3 Ways to make Herbed Vinegar
Vinegar ranges in strength from mild (4%) to strong (6+%) in acidity. Malt vinegar (from barley) and cider vinegar (from apples) are less acidic and milder than wine vinegar.
For cooking and eating, red, white, cider, and rice vinegars are the best. White distilled vinegar (a grain-alcohol mixture) is the strongest (this is why it’s so good for cleaning).
Below are 3 ways you can make herbed vinegars followed by suggested herb combinations by vinegar type. If you crush or chop your herbs, this will help better distribute the flavors.
Boiled Vinegar (quick option)
If you are short on patience, boiled vinegar is your answer. Bring crushed or chopped herbs and vinegar to a boil and then simmer over low heat for about 20 minutes. Strain it and pour it into a clean bottle. This can be used immediately.
Heat and Aged Vinegar
For this herbal vinegar, you heat it without boiling it. Add it to a clean, sterilized glass jar or bottle of fresh herbs. Use 3 leaves or a sprig, one clove or a single chili for each cup of vinegar. Let it cool and then cover it, storing it in a dark place for a couple of weeks. Shake it occasionally during that couple of weeks to better blend flavors.
Sun-Made Herbed Vinegar
Yes, you can use mother nature for this one. Empty about 1/4 cup of vinegar from a newly purchased bottle and add herbs to it. Set the tightly closed bottle in the sun for 3 weeks and then strain it. You can use cheesecloth over the top of the bottle to pour out the flavored vinegar without getting the herbs in your dish.
Vinegar and Herb Pairings
Here are some herb combinations you may want to try. If this is you first attempt at an herb vinegar, you may want to start with a single herb.

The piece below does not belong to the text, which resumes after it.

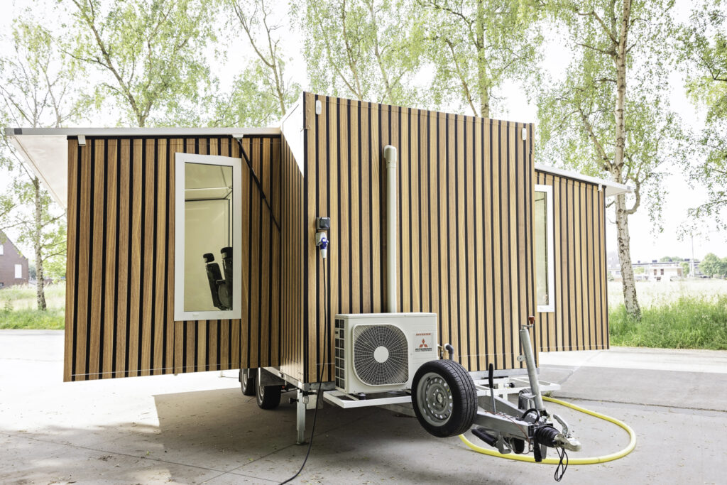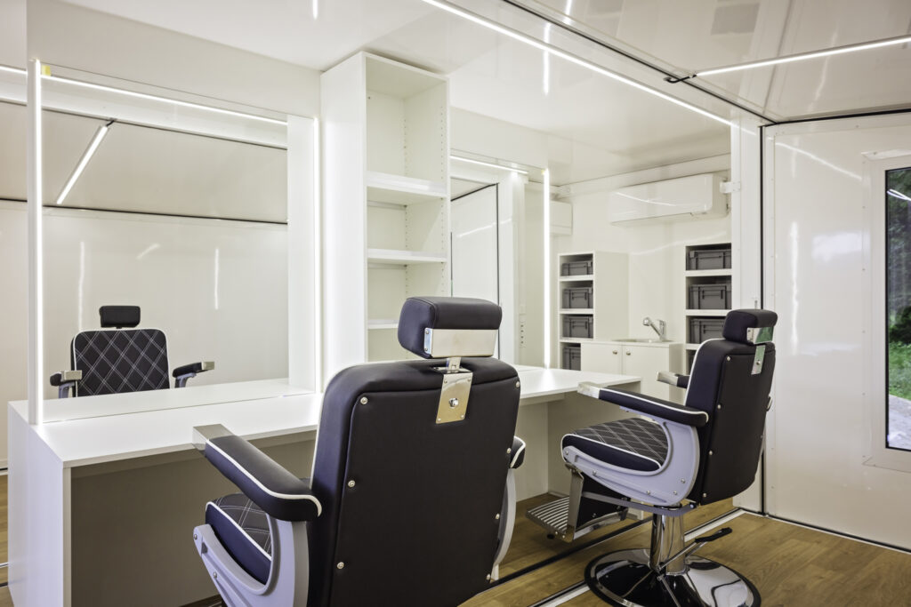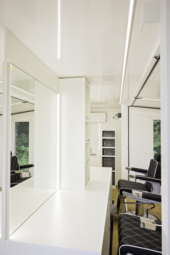 De haar & make-up trailer is ontworpen met het oog op functionaliteit en comfort. De ruimte is voorzien van 4 comfortabele stoelen en spiegels met ledverlichting. Daarnaast biedt het voertuig ook voldoende opbergruimte voor producten en apparatuur, waardoor alles georganiseerd en binnen handbereik blijft voor het hele team.

Try basil, dill, garlic or tarragon by themselves. Remember chopped or crushed will net you better flavor.
Herbed vinegar can be used in any recipes that call for vinegar as an ingredient. It can also be used a substitution for recipes calling for lemon juice.
Cider Vinegar – Use chilies, garlic and oregano
Red Wine Vinegar – Works well with parsley, sage and shallots
Rice Vinegar – Use cilantro and/or garlic
White Vinegar – Try cardamom, honey and mint. You can also try a combination of garlic, orange peel, raisins and rosemary. Another combination that works well is burnet (has a tangy cucumber flavor), dill weed and shallot
Try adding a little to your barbecue sauce for a flavor surprise. It’s a great compliment to salads as well as sweet and sour dishes. As a meat marinade, it enhances tougher cuts of meat and also works in recipes with other acidic ingredients like tomatoes.